Familiarizing Students with the Assessments
To ensure that all students have the opportunity to perform their best, it is important that students become familiar with the open ended nature of assessment tasks, the type of content and thinking skills such tasks assess, and the criteria used to evaluate their responses. Teachers in the QUASAR schools frequently used the QCAI practice tasks to achieve these goals.
One way that teachers used the task materials was to illustrate that multiple strategies can be used to solve a problem. For example, student solutions to the task in Figure 2 show three possible strategies for obtaining a correct solution. The first student used common multiples; the next student drew three separate diagrams of blocks; and the third student performed three separate long divisions and showed that they all resulted in a remainder of 1. When students shared their strategies and responses, they gained a deeper conceptual understanding of the content and began to see there is more than one way to solve a problem.

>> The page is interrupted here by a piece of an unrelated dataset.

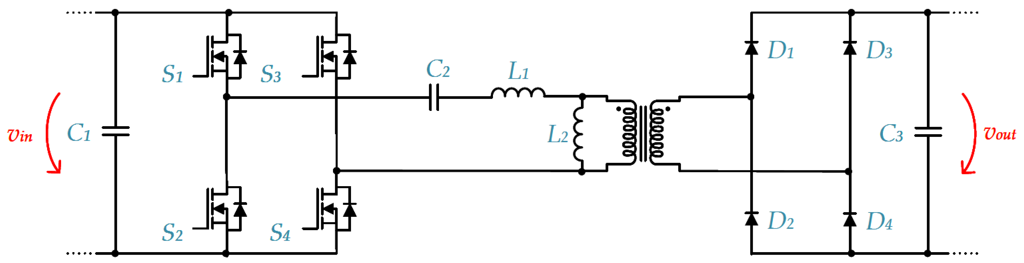 L2). Unlike conventional converters that rely primarily on PWM techniques, where the duty-cycle of the switching signals is modulated to regulate the output voltage, LLC resonant converters employ a control strategy based on frequency modulation. This control strategy allows the converter to operate at high switching frequencies. As a full-bridge converter, illustrated in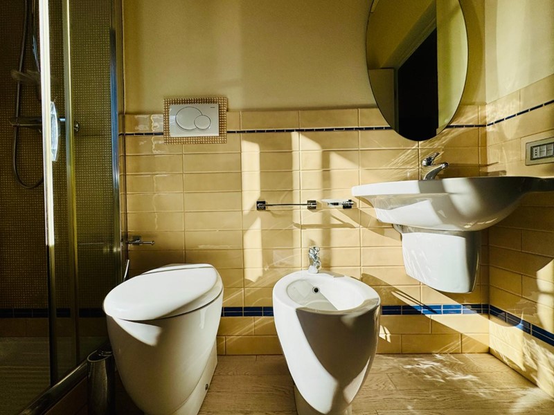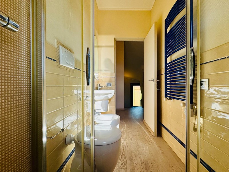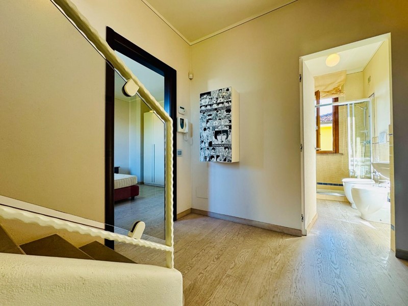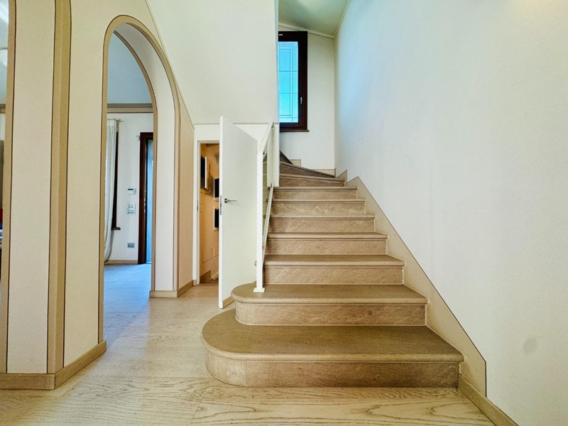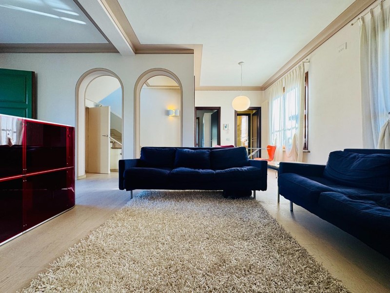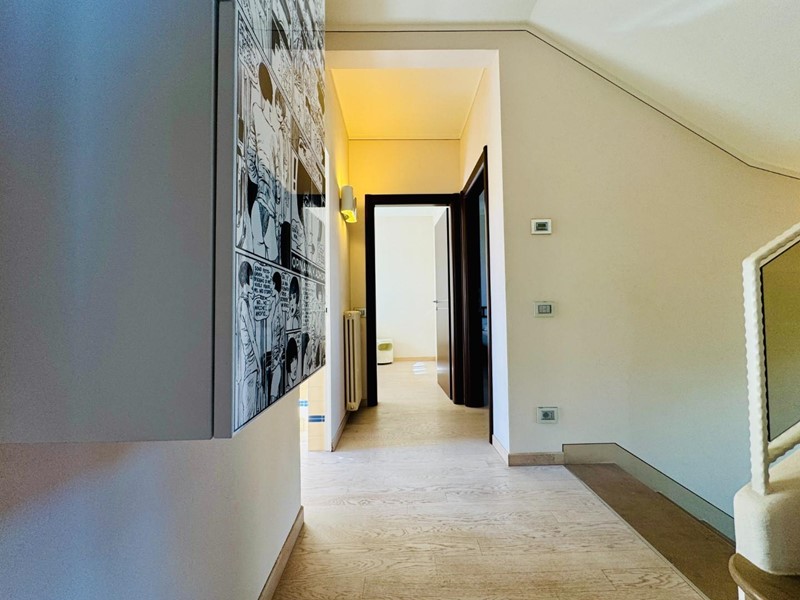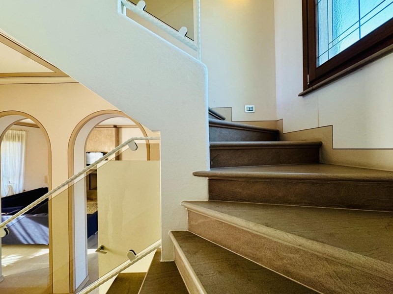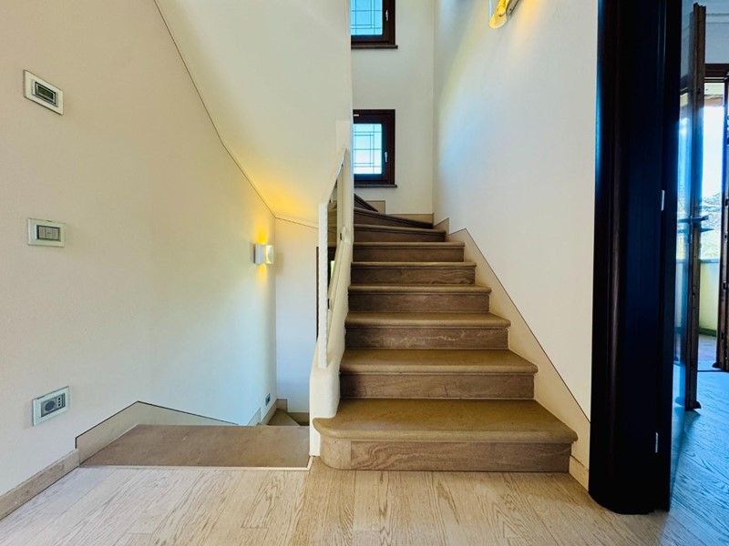 L'immobile si sviluppa su più livelli. L'ingresso principale avviene nel salone suddiviso in area TV e sala pranzo. La cucina è abitabile e dispone di un'apertura che ci accompagna verso un piacevole portico esclusivo che domina il giardino. Questo piano è servito da un primo bagno. La zona notte è posta ai piani superiori. Le camere da letto sono quattro, tutte di importanti dimensioni e servite da balcone rendendole così luminose e ariose. I due livelli dispongono di altri tre bagni con doccia.

Figure 2. Multiple Responses
Teachers also engaged students in activities designed to ensure that they understood the scoring criteria used to evaluate their work. A two day activity in one teacher's classroom resulted in a very successful learning experience for everyone involved.
First, students worked in small groups to solve a set of tasks located at different stations throughout the room. After each group had worked through the tasks, the teacher explained the criteria for each score level. Then, as a class, students examined a set of sample student responses that had been scored using these criteria.

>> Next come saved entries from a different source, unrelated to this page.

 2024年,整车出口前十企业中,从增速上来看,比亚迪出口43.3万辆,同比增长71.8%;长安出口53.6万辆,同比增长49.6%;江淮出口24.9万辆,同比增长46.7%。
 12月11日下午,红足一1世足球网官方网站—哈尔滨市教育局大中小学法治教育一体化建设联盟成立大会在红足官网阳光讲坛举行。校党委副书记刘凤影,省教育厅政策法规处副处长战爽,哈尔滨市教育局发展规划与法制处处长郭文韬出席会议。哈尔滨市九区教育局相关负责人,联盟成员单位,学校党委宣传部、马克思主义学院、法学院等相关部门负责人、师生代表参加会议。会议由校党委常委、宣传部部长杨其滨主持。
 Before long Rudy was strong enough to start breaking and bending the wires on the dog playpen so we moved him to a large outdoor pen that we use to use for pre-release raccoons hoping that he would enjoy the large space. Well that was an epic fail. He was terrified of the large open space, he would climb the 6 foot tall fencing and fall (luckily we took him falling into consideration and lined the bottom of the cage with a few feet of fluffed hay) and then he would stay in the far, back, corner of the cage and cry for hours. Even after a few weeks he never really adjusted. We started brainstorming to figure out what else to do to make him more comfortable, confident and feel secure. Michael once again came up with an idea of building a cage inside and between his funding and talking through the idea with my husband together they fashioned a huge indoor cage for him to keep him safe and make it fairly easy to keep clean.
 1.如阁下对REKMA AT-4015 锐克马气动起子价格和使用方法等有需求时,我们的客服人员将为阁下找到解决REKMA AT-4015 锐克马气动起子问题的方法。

On the following day, the students exchanged papers and scored one another's responses. The teacher discussed the importance of being objective and consistent when evaluating student work. This discussion helped students take the activity more seriously, and also to think hard about what constitutes good mathematical thinking. The students recorded the score they assigned, wrote a rationale for that score, and suggested ways to improve the response.

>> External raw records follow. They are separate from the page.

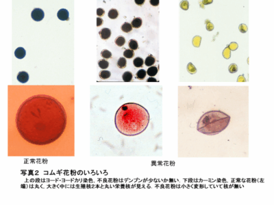 花粉の状態を写真2に示した.これからもわかる通り,正常な花粉は中にびっしりとデンプンが詰まっている.そして染色してみると,大きなまん丸い花粉の中に栄養核と生殖核の存在することが確認できる.しかし銅欠乏の花粉では全くデンプンの入っていない花粉が出てくる.これらの花粉では花粉そのものの大きさも小さく,さらに形も歪である.銅欠乏コムギは水分含有率が高いため,葉身はまっすぐ伸びず,だらりと垂れ下がる.この症状は写真3に示した.健康なコムギの植物体の葉身は光の吸収を良くするために先までよく伸びるのである.ムギを栽培していてこの点をよく注意する必要がある.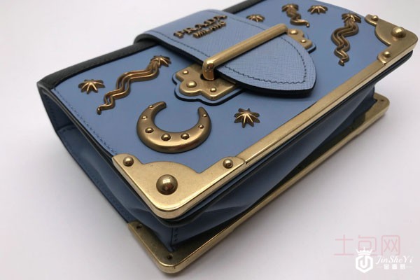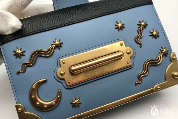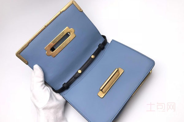 上图为蓝色普拉达星月盒子包开扣状态展示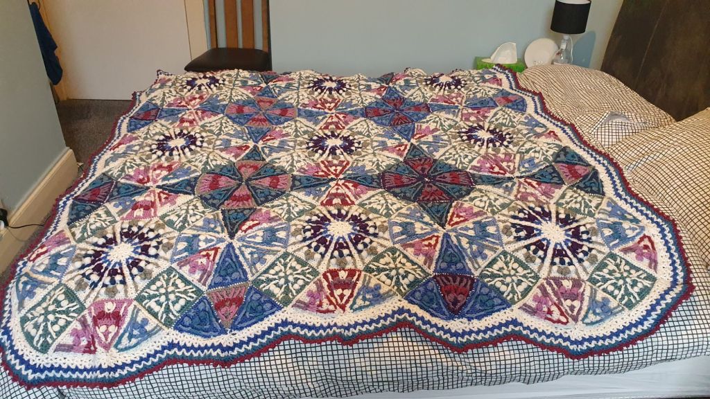 I did finish the enormous kaleidoscope blanket that was nearly finished at the end of last year, adding the edging that made it look very neat.
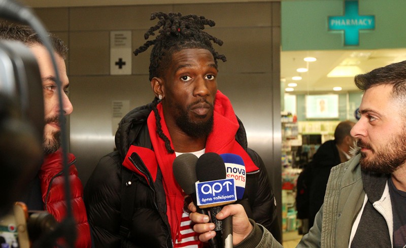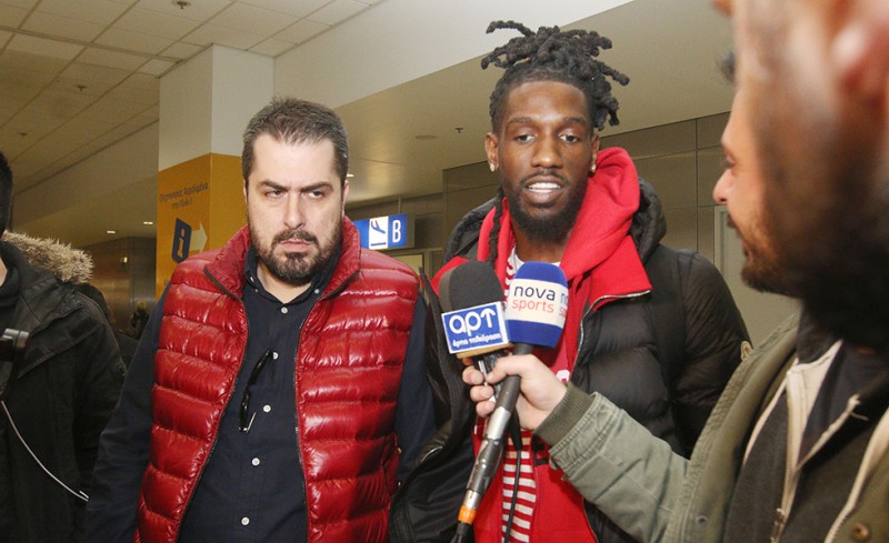 Ο Αμερικανός γκαρντ εμφανίστηκε ανυπόμονος στις δηλώσεις του και πρόλαβε να βάλει και το φούτερ του Ολυμπιακού.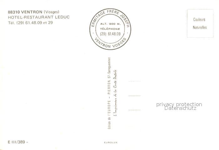 13233186 Ventron Vosges Hotel Leduc postalisch nicht gelaufen Erhaltung siehe scans [NatalD47] KatCode: 11170088188500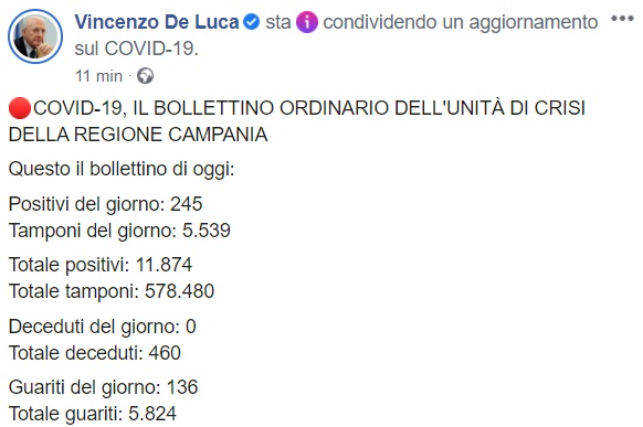 Questo quanto apprendiamo dalla pagina facebook del Pres. De Luca: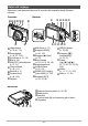 Delar och reglage Sidnumren inom parentes hänvisar till de sidor där respektive detalj förklaras närmare. Framsida Baksida 123 4 56 bk 7 bl bm bn 7 bo bp bq cm 9 cl ck bt bs br 8 Lägesväljare (s. 33, 41, 70) Zoomreglage (s. 34, 57, 123) Avtryckare (s. 31, 33) Blixt (s. 54) [ON/OFF] (strömbrytare) (s. 27, 31) Främre lampa (s. 45, 113) Remhål (s. 3) Funktionsring (s. 44, 122) Objektiv Mikrofoner (s. 71) Knappen [RING] (s. 44, 122) Knappen [0] (film) (s.
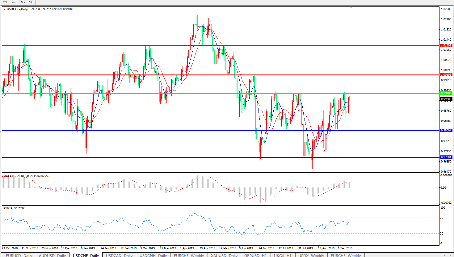美元兑瑞郎在周一日内逐波走高,北美时段开盘前触及0.9920的日高,基本收复了此前因为美元指数在上周五承压而录得的跌幅。虽然周末中东地缘局势再度恶化引发避险情绪升温,但是周一日内欧系货币欧元和英镑承压下跌对瑞郎的连带影响,却盖过了避险买需的拉动。通常而言,出于地缘因素,中东地区的乱局对于欧洲市场的信心打击要高于北美,这直接引发了市场资金的跨大西洋转移。就算是避险货币瑞郎在此过程中也无法独善其身;此外,在上周欧洲央行出台新宽松行动之后,投资者也开始押注瑞士央行本周会议上势必跟随采取行动,这也遏制了瑞郎的上行空间。眼下,美元兑瑞郎将面临关键200日均线切入位0.9950阻力位,能够升破仍需观望此后美联储决议引发的市场联动状况。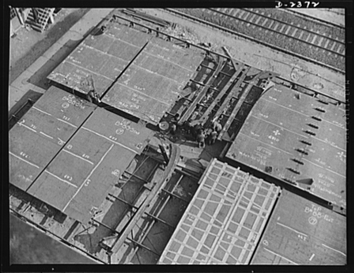 - A new vessel has just moved off these ways, and the keel is being assembled for yet another in a large Eastern shipyard. The bottom and side shell plating and the inner tank sections are being assembled. All parts are prefabricated in this huge Eastern plant which formerly turned out freight cars. The completed sections are then carried six miles to the ways on flat cars

Figure 3 shows a response to a QCAI task that involves interpreting a graph of the speed of a boy going to his grandmother's house. The group of students who evaluated this response assigned it a score of 2 on a scale of 0 to 4. As a rationale for assigning that score, the students pointed out where the response was incorrect. For example, the story says Tony stopped his walk from 1:30 to 2, neglecting to note that the graph records his speed at this time. And they noted that the response was somewhat incomplete, because the story did not mention Tony's increase in speed before arriving at his grandmother's house. The figure also shows the students' suggestion for improving the response. Teachers found that instructional activities not only prepared students to take the QCAI, but promoted their engagement in challenging mathematical tasks and in discussions about what constitutes a good mathematical response.
Figure 3. Interpreting a Graph
Benefits for Teachers and Students
Professional development experiences and collaboration with colleagues can help teachers in all subject areas become better informed about the nature of performance assessment tasks. These experiences also can provide teachers with the insights they need to strengthen curriculum and improve instructional techniques.
In addition, teachers can use various challenging and engaging activities to introduce students to performance assessment tasks and to familiarize them with the criteria used to evaluate their responses. As a result, students develop a better understanding of what constitutes high level thinking and reasoning.